Kawasaki, Japan, March 06, 2015
Fujitsu today announced that it has developed the industry's first technology that provides highly accurate detection of people's movements and that can recognize the flow of people from low-resolution imagery incapable of distinguishing faces.
In existing systems that analyze video taken from surveillance cameras and recognize flows of people, the problem has been that the resolution may be high enough to identify individuals, rendering the footage unusable. Now Fujitsu Laboratories has developed technology that, even when the overall image resolution has been degraded from high to low resolution so that people's faces cannot be recognized, extracts multiple defining features of an individual, thereby making it possible to detect the person's movement with a high degree of accuracy.
This makes it possible to detect people in video with resolution low enough to mitigate anxieties about privacy, and thereby enable recognition of people's movement.
Details of this technology are being presented at the Information Processing Society of Japan's technical committee conference, "Computer Vision and Image Media", opening March 6 at Tohoku University.
In recent years, data on the movement paths of people inside a facility or on the streets of a city have started to be used by stores, for example, to optimize the selection of a store location or the arrangement of merchandize or deployment of staff inside a store, in order to improve customer service.

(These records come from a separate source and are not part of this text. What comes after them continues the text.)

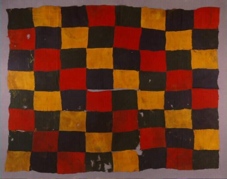 DescriptionChecked tunic in red, ochre, dark green, and dark blue.
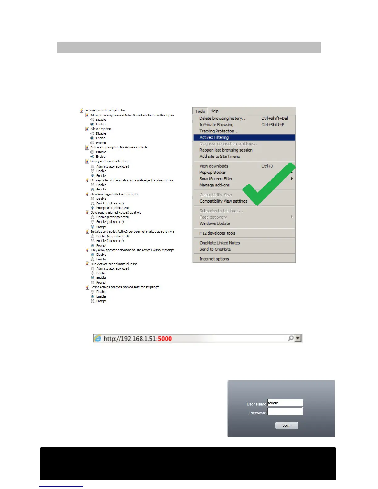 4. Disable/de-select ActiveX Filtering from the “Tools” menu as shown above.
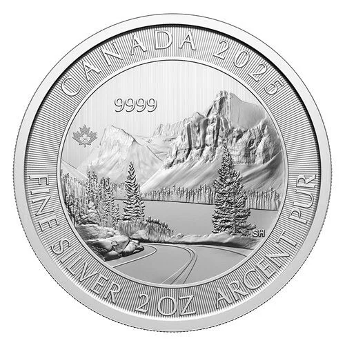 Crowfoot Mountain in Banff National Park overlooks Bow Lake's blue waters, with a micro-engraved "25" maple leaf marking the coin's issue year.
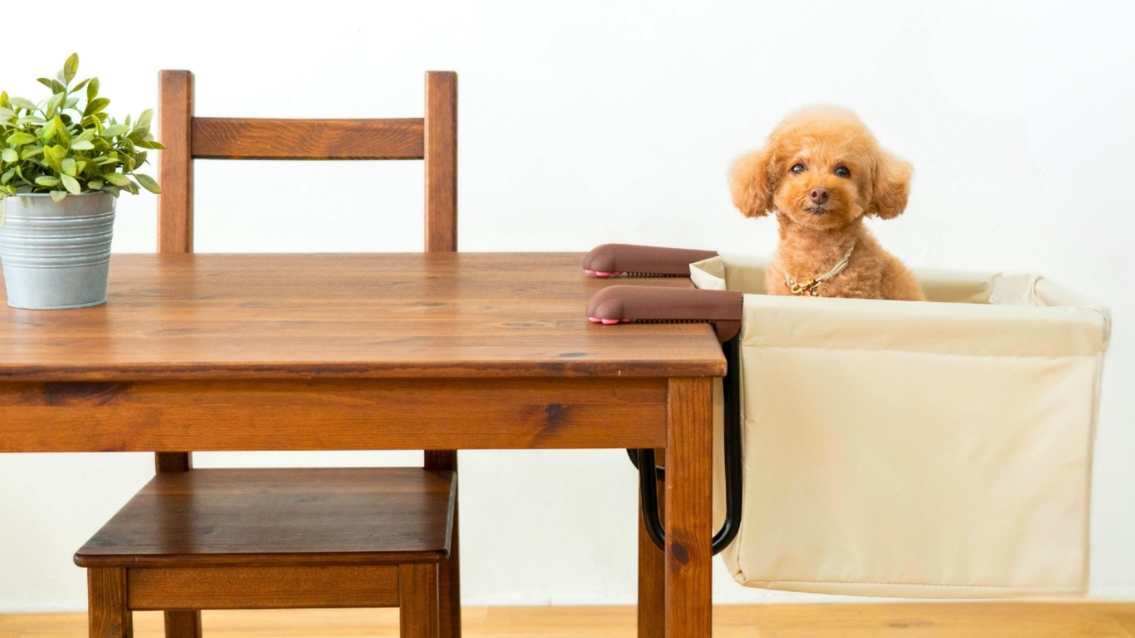 そんな声から生まれたのが、テーブルに取り付けることで小型犬・猫のための快適な“指定席”をつくれるペットチェアです。

There are rising expectations about the use of data on pedestrian flows in cities to relieve congestion when there are events, to devise operating plans for public transportation systems, and to guide evacuations during disaster emergencies.
Figure 1: Recognition and utilization of patterns in the flow of people
Larger View (77 KB)
When video images from surveillance cameras installed on city streets or in commercial facilities are used to recognize flows of pedestrian traffic, the privacy of individuals whose movements are being recorded need to be taken into consideration. As the resolution of these cameras has improved, it has become possible to clearly recognize a person's face, which, although unproblematic from the perspective of crime prevention, raises privacy issues when third parties have information on a person's movements, such as what the person was doing at a particular time and place.
Typically, the following technologies are used to extract information on flows of people.
- Person detection: extract a person-like shape from an image.
- Person matching: using multiple cameras, determine whether a person detected by one camera is the same person detected by other cameras.
Because these technologies have used information detected from a person's face, build, gender, and other personal characteristics to determine if it is the same person, the problem has been that the person may be identified, causing the video to be unusable.
About the Technology
Using features that people have in common, Fujitsu Laboratories has devised person-recognition technology that extracts body-like shapes such as heads and torsos in low resolution images, and determines if the person is the same based on clothing colors. Key features of the technology are as follows:
1. Person detection using low-resolution images (Figure 2)
Fujitsu Laboratories focused on the fact that, even in low-resolution images, the head persists as a distinctive human characteristic that is unaffected by a person's posture or the angle from which the person is seen. Regardless of whether viewed from the front, back, left, or right side, the established characteristics of the head being a roughly elliptical shape and at the top of a person's body have the advantage of persisting even in low-resolution images.
The actual extraction process is as follows:
- Focusing on head-shaped characteristics in the input image (Figure 2-left), extract head-shaped candidates (Figure 2-middle).
- Because many similar shapes were detected, treating the lower ones as torso shapes makes it possible to accurately detect people even from low-resolution images (Figure 2-right).
- Based on the people detected in Step 2, detect their relative proximity to the camera, beginning with the closest person, and update the image of more distant persons to compensate for partially obscured areas of a body. This makes it possible to accurately detect even multiple, overlapping people.
This technology can independently recognize the heads and torsos of multiple people.
Figure 2: Human features extraction from low-resolution imagery
(Left: input image; Middle: First-round detection; Right: Detection results)
2. Person matching from low-resolution images using clothing colors (Figure 3)
Matching a single detected person between multiple cameras makes it possible to recognize a person's movements between cameras.
The same color can be extracted regardless of resolution, but typically in low-resolution images, the colors of smaller areas are absorbed and mixed into adjacent areas, making good detection impossible. By selectively extracting only the distinctive colors of a person's clothing, Fujitsu Laboratories has been able to perform reliable person matching using low-resolution images.
Figure 3: Person matching using low-resolution images
Until now, it has been difficult to perform person detection and person matching using low-resolution images in which a person's face cannot be identified, but using the technology it developed, Fujitsu Laboratories performed an indoor trial, in which it was able to detect, in the flow of people, the paths of approximately 80% of the people(1).
As a result, when arranging merchandize or deploying staff inside a store, for example, it makes it possible to use surveillance camera images that respect the privacy of the people whose images are being recorded, and enables the use of images that do not identify individuals to improve customer service.
Fujitsu Laboratories plans to conduct more practical testing to improve detection accuracy, and aims for commercial implementation during fiscal 2015.